**Problem details**
Exclude images; transcribe the rest of the data exactly.

**Information shown**
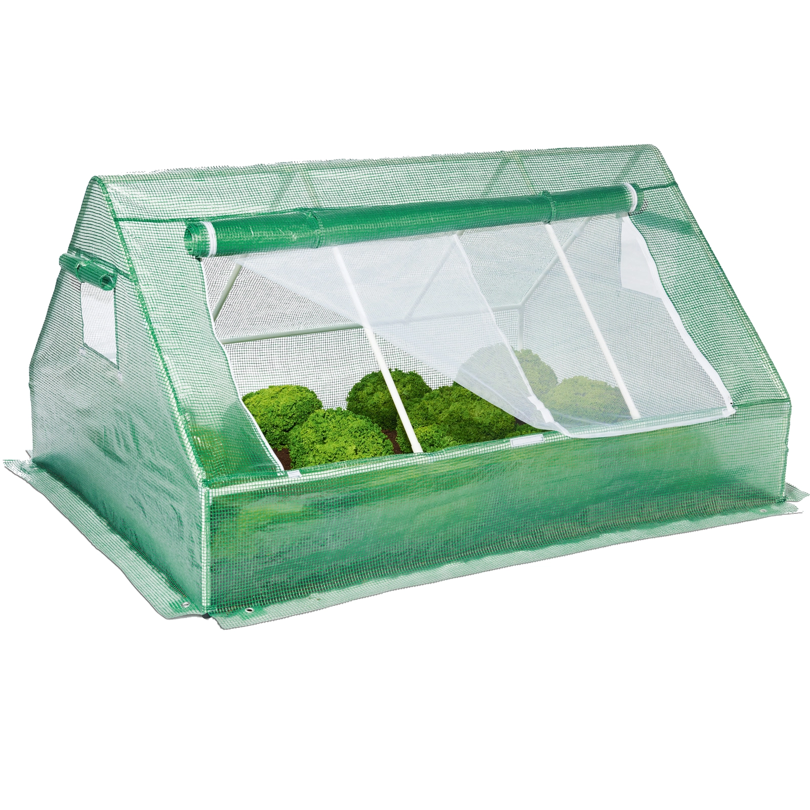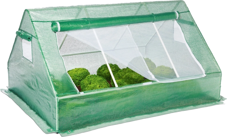 Versterkte PE hoes 130 g/m² met geïntegreerd raster laat licht door, houdt warmte vast en heeft een oprolbaar raam voor het regelen van luchtstroom en vochtigheid.
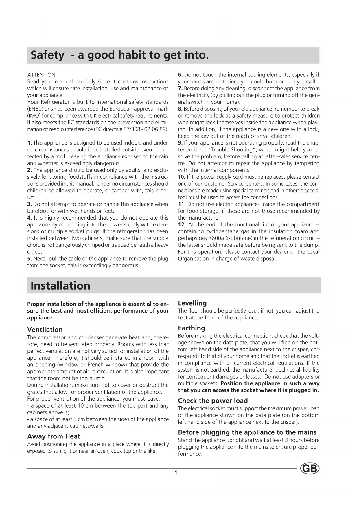 containing cyclopentane gas in the insulation foam and perhaps gas R600a (isobutane) in the refrigeration circuit – the latter should made safe before being sent to the dump. For this operation, please contact your dealer or the Local Organisation in charge of waste disposal. Installation Proper installation of the appliance is essential to en- sure the best and most efficient performance of your appliance. Ventilation The compressor and condenser generate heat and, there- fore, need to be ventilated properly. Rooms with less than perfect ventilation are not very suited for installation of the appliance. Therefore, it should be installed in a room with an opening (window or French window) that provide the appropriate amount of air re-circulation. It is also important that the room not be too humid. During installation, make sure not to cover or obstruct the grates that allow for proper ventilation of the appliance. For proper ventilation of the appliance, you must leave: - a space of at least 10 cm between the top part and any cabinets above it; - a space of at least 5 cm between the sides of the appliance and any adjacent cabinets/walls. Away from Heat Avoid positioning the appliance in a place where it is directly exposed to sunlight or near an oven, cook top or the like. Levelling The floor should be perfectly level; if not, you can adjust the feet at the front of the appliance. Earthing Before making the electrical connection, check that the volt- age shown on the data plate, that you will find on the bot- tom left hand side of the appliance next to the crisper, cor- responds to that of your home and that the socket is earthed in compliance with all current electrical regulations. If the system is not earthed, the manufacturer declines all liability for consequent damages or losses. Do not use adapters or multiple sockets. Position the appliance in such a way that you can access the socket where it is plugged in. Check the power load The electrical socket must support the maximum power load of the appliance shown on the data plate (on the bottom left hand side of the appliance next to the crisper). Before plugging the appliance to the mains Stand the appliance upright and wait at least 3 hours before plugging the appliance into the mains to ensure proper per- formance. Safety - a good habit to get into.2
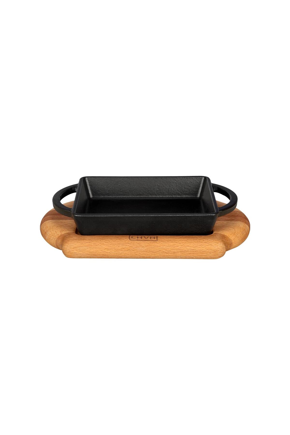 ميزات صب مستطيل من الحديد المصبوب بمقبض مزدوج من خشب الزان مقاس 12 × 15 سم من Lava

**Output of the task**
 Versterkte PE hoes 130 g/m² met geïntegreerd raster laat licht door, houdt warmte vast en heeft een oprolbaar raam voor het regelen van luchtstroom en vochtigheid.
 containing cyclopentane gas in the insulation foam and perhaps gas R600a (isobutane) in the refrigeration circuit – the latter should made safe before being sent to the dump. For this operation, please contact your dealer or the Local Organisation in charge of waste disposal. Installation Proper installation of the appliance is essential to en- sure the best and most efficient performance of your appliance. Ventilation The compressor and condenser generate heat and, there- fore, need to be ventilated properly. Rooms with less than perfect ventilation are not very suited for installation of the appliance. Therefore, it should be installed in a room with an opening (window or French window) that provide the appropriate amount of air re-circulation. It is also important that the room not be too humid. During installation, make sure not to cover or obstruct the grates that allow for proper ventilation of the appliance. For proper ventilation of the appliance, you must leave: - a space of at least 10 cm between the top part and any cabinets above it; - a space of at least 5 cm between the sides of the appliance and any adjacent cabinets/walls. Away from Heat Avoid positioning the appliance in a place where it is directly exposed to sunlight or near an oven, cook top or the like. Levelling The floor should be perfectly level; if not, you can adjust the feet at the front of the appliance. Earthing Before making the electrical connection, check that the volt- age shown on the data plate, that you will find on the bot- tom left hand side of the appliance next to the crisper, cor- responds to that of your home and that the socket is earthed in compliance with all current electrical regulations. If the system is not earthed, the manufacturer declines all liability for consequent damages or losses. Do not use adapters or multiple sockets. Position the appliance in such a way that you can access the socket where it is plugged in. Check the power load The electrical socket must support the maximum power load of the appliance shown on the data plate (on the bottom left hand side of the appliance next to the crisper). Before plugging the appliance to the mains Stand the appliance upright and wait at least 3 hours before plugging the appliance into the mains to ensure proper per- formance. Safety - a good habit to get into.2
 ميزات صب مستطيل من الحديد المصبوب بمقبض مزدوج من خشب الزان مقاس 12 × 15 سم من Lava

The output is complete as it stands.